We prepare the dinghy just before a few rowing exercises and off we go.
We were joined by a group of Indian Tourists from Bombay. I've been struck by the fact that whenever I've met people from Bombay on this trip that they are exactly like other westerners. In their dress, their language and their travelling attitude, its as if they are from another European country that lies within India. They are always wealthier than other Indians and travel in much the same manner as Western Tourists. This group were all part of an international network marketing organisation which sells gold. A kind of pyramid selling scheme with a more sustainable business model. They didn't call it that though. The most vociferous girl in the group claimed that at this stage, she earned $2,500 per day in "passive income" from those further down the food chain from her. Despite this, they were all crap rowers, having no rhythm whatsoever and when it came to the "rock jump" of about 15 metres into the river, they nearly all chickened out after a protracted time of vacillating, perched at the top of the rock over the river.
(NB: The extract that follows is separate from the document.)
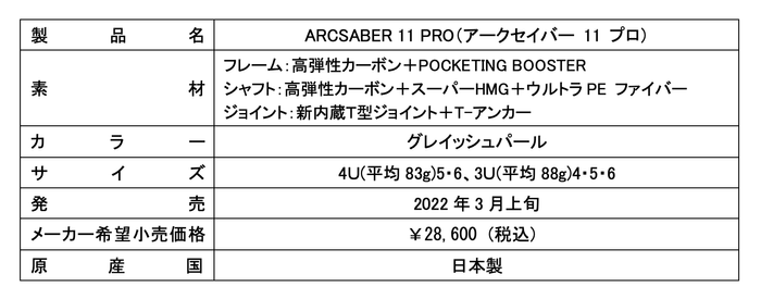 本製品は新設計・新構造採用により、従来品「ARCSABER 11」の特徴である球持ちと打球感の良さをさらに進化させ、より精密にコースを狙えるコントロール性能を実現しました。

Simon has a moment of Inspiration before we set off on the raft.
A devotional riverside installation of Shiva on the Ganga at Ram Jula, downriver from Laxman Jula.
The belief that the waters of the Ganga are holy and pure is widespread among Hindus. A dip in the Ganga is supposed to wash away the bad karma from your soul. Even at Varanasi, where the Gagna has been turned into an open suir and dysentery is widespread, many refuse to believe that the waters are in any way dirty. The Ganga has miraculous waters, they claim, and cannot get dirty. It is totally free of bacteria, pollution and disease from its source right down to the delta in Bangladesh. This also means that they can pump as much crap into it as they like, which they do at every town and village along its course.
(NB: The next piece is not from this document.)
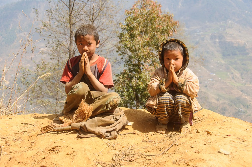 2 enfants népalais après le tremblement de terre en 2015, entre Kodari et Bakhang. Photo Yann Rollo van de Vyver, extraite du livre Himalaya, Népal, Ermitages en Pays Sherpa, éditions de l’Astronome.

The currents are treacherous around Rishikesh and while I was there, the death occurred of a young kid who went in for a dip, got into trouble and sank, never to come up again. Andrea and Rafa were only talking to him moments before he went in. He waved and shouted but his friends thought he was only joking. It all happened very fast. Another man was seen strolling across the Laxman Jula bridge, when all of a sudden he leaped up onto the side and flung himself into the Ganga below. He didn't come back up again. Drowning in the Ganga is considered to be a very auspicious death. It's said that during the Kumbh Mela some of the sadhus will challenge each other to a fight to the death on the particularly auspicious days, since death on ode of these dates, in the Ganga, would guarantee freedom from rebirth.
Still, the devotional energy that gets poured into this river by millions every day brings an athmosphere of peace and reverence about the Ganga like no other river. Where else is a river worshipped as a goddess? This is one of the reasons that I planned to continue up its length to the source at Gomuck. And that's what Simon and myself set off to do after leaving Rishikesh.